Here we show the output of the diagnostics on the $c_{ij}$ parameters, which show that (at least for the $c_{ij}$ values) the algorithm is mixing effectively (or will be, once the algorithm runs a little longer).
skipTrack.diagnostics(ft, param = 'cijs')
#> ----------------------------------------------------
#> Generalized MCMC Diagnostics using lanfear Method
#> ----------------------------------------------------
#>
#> |Effective Sample Size:
#> |---------------------------
#> | Chain 1| Chain 2| Chain 3| Chain 4| Sum|
#> |-------:|-------:|-------:|-------:|-------:|
#> | 105.807| 46.84| 104.824| 92.098| 349.569|
#>
#> |Gelman-Rubin Diagnostic:
#> |---------------------------
#> | Point est.| Upper C.I.|
#> |----------:|----------:|
#> | 1.024| 1.027|
Visualization
In order to see some important plots for the SkipTrack model fit, you can simply use plot(ft)

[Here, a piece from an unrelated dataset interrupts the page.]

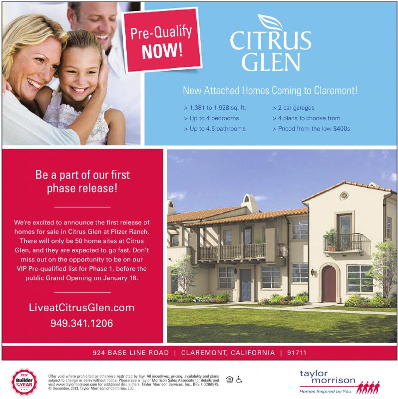 New Attached Homes Coming to Claremont! > 1,381 to 1,928 sq. ft. > Up to 4 bedrooms > Up to 4.5 bathrooms > 2 car garages > 4 plans to choose from > Priced from the low $400s Be a part of our first phase release! We’re excited to announce the first release of homes for sale in Citrus Glen at Pitzer Ranch. There will only be 50 home sites at Citrus Glen, and they are expected to go fast. Don’t miss out on the opportunity to be on our VIP Pre-qualified list for Phase 1, before the public Grand Opening on January 18. LiveatCitrusGlen.com 949.341.1206 924 BASE LINE ROAD | CLAREMONT, CALIFORNIA | 91711 2012 Offer void where prohibited or otherwise restricted by law. All incentives, pricing, availability and plans subject to change or delay without notice. Please see aTaylor Morrison Sales Associate for details and visit www.taylormorrison.com for additional disclaimers. Taylor Morrison Services, Inc., BRE #00968975. ©December,2013, Taylor Morrison of California, LLC.

, and the plots are directly accessible using skipTrack.visualize(ft)
.
plot(ft)
Summary
A summary is available for the SkipTrack model fit with summary(ft)

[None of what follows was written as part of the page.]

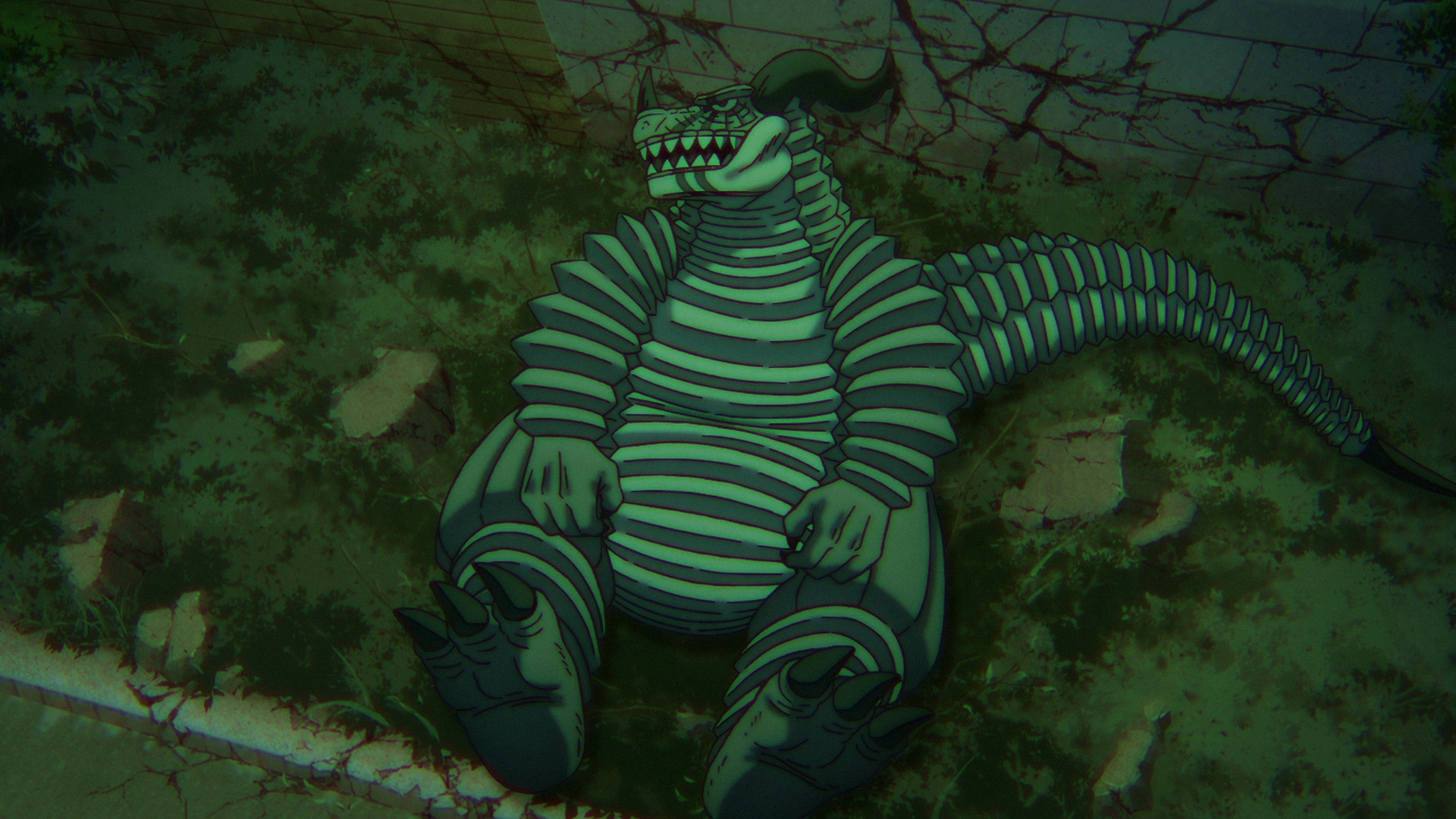When Bamora is launched out of the apartment due to Okarun going all-out, the heavy blow activates her exosuit's emergency defense system, overriding her controls. The kaiju enlargens, growing bigger even than the apartment complex itself. As it grows, it notices Momo, Okarun and Kinta inside the balcony and it smashes its head into the building to crush them. The trio is able to get out of the way and they head towards the exit in fear, finally realizing that they are trapped inside empty space and that they must be fighting a space kaiju. The monster keeps wrecking buildings in order to find them, but neither Momo nor Okarun know if it has a weak spot and they decide to flee outside. The kaiju spots them and crashes its way through the city to catch the trio.

, with more detailed results accessible through skipTrack.results(ft)
. Importantly, these results are based on a default chain burn-in value of 750 draws. This can be changed using the parameter burnIn
for either function.
summary(ft)
#> ----------------------------------------------------
#> Summary of skipTrack.fit using skipTrack model
#> ----------------------------------------------------
#> Mean Coefficients:
#>
#> Estimate 95% CI Lower 95% CI Upper
#> (Intercept) 3.411 3.383 3.44
#>
#> ----------------------------------------------------
#> Precision Coefficients:
#>
#> Estimate 95% CI Lower 95% CI Upper
#> (Intercept) 5.573 5.352 5.749
#>
#> ----------------------------------------------------
#> Diagnostics:
#>
#> Effective Sample Size Gelman-Rubin
#> Betas 3616.43 1.00
#> Gammas 22.24 1.00
#> cijs 343.01 1.02
#>
#> ----------------------------------------------------
summary(ft, burnIn = 500)
#> ----------------------------------------------------
#> Summary of skipTrack.fit using skipTrack model
#> ----------------------------------------------------
#> Mean Coefficients:
#>
#> Estimate 95% CI Lower 95% CI Upper
#> (Intercept) 3.411 3.384 3.44
#>
#> ----------------------------------------------------
#> Precision Coefficients:
#>
#> Estimate 95% CI Lower 95% CI Upper
#> (Intercept) 5.554 5.325 5.755
#>
#> ----------------------------------------------------
#> Diagnostics:
#>
#> Effective Sample Size Gelman-Rubin
#> Betas 3719.83 1.00
#> Gammas 21.79 1.00
#> cijs 342.89 1.02
#>
#> ----------------------------------------------------
This introduction provides enough information to start fitting the SkipTrack model. For further information regarding different methods of simulating data, additional model fitting, and tuning parameters for fitting the model, please see the help pages and the ‘Getting Started’ vignette. Additional vignettes are forthcoming.
Bibliography
Li, Kathy, Iñigo Urteaga, Amanda Shea, Virginia J Vitzthum, Chris H Wiggins, and Noémie Elhadad. 2022. “A Predictive Model for Next Cycle Start Date That Accounts for Adherence in Menstrual Self-Tracking.” Journal of the American Medical Informatics Association 29 (1): 3–11.